Je comprends maintenant ce qu'ont vécu Jules César, Jésus Christ et tant d'autres; poignardé, trahi par ceux que l'on aimait, que l'on défendait. Moi c'est la France qui m'a abattu. Une France gangrénée par le gauchisme, les juges rouges, des LFIstes indécrottables. Être cloué au pilori après porté son pays au sommet, cruel destin que je partage avec Napoléon. L'injustice, le harcèlement judiciaire, je suis un martyr, "Sarko Akbar", voilà ce que j'ai envie de crier depuis ma cellule. 

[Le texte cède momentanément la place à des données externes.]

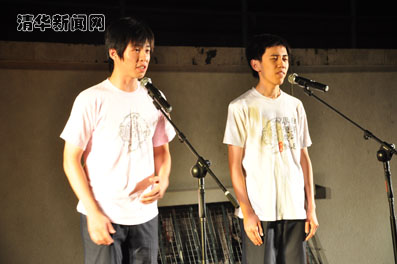 9月6日晚6点,军训一营整齐地来到了东大操场,新生同学们自带板凳有序地坐好。曲艺队的第一场慰问演出拉开了帷幕,整场演出始终围绕军训主题与“清华精神”的主线,从多方面反映了清华学生的生活与思想。曲艺队原创的校园相声《军训记》与《装小嘴》相继登场,根据清华校园文化改编的传统相声《学电台》和《三打白骨精》等快板书节目也精彩上演,全面地展现了清华学生的艺术风采。

 Cette France a qui j'ai tout donné et qui vient de tout me reprendre. Si ce n'était que moi, cela irait, je suis résilient, je fréquente Rachida Dati depuis 25 ans, autant dire que j'ai le cuir solide. Mais dans cette obscurité et ce froid pénétrant à peine atténué par une immonde couverture écossaise, je pense à ma femme, intermittente du spectacle, elle ne ramène pas une paye régulière dans notre foyer, les fins de mois sont difficiles et à mes enfants, une jeune fille encore mineure et Louis qui hurle son désespoir et mon innocence dans le peu de médias qui consentent à donner parole à la vérité. 
 
Où sont mes grands VRP de TF1? Le Lay, Mougeotte, Villeneuve, Pernaut où êtes-vous? Qu'est devenue notre chaîne aimée de tous les français qui s'est démarquée par son objectivité éditoriale? Un refuge de macronistes en rupture de maroquin, un Gilles Bouleau qui s'acharne sur ce pauvre Eric Zemmour, qui enfonce cette brave Madame Le Pen dès qu'il le peut, mais va donc sur France Inter espèce de Guillaume Meurice version Shein! 
 
 Pascal Praud reviens! La France est devenue folle. Oui, à l'heure où j'écris ces lignes, je grave sur la pierre froide de ma cellule avec un silex que je cache dans une pierre descellée de peur de me la faire voler par les gardes, cerbères des juges téléguidés par mes ennemis, juges, avocats, ou encore cette grande enflure de Villepin qui a traîné mon nom dans la boue de la justice. Je me perds en digressions, tiraillé que je suis par la faim, la captivité commence  me rendre fou, je pense à mon cher foyer, ma Carlita, ma Guilietta, vivant dans la peur de l'huissier, du pain trop cher pour leurs maigres bourses, que vont-elles devenir? Voilà où en est aujourd'hui mon pays, quand j'ai rencontré Nelson Mandela j'avais ressenti quelque chose dans son regard, quelque chose que l'on ne trouve que dans celui qui a connu l'enfer carcéral, les brimades, les privations.
 
Quelle indignité!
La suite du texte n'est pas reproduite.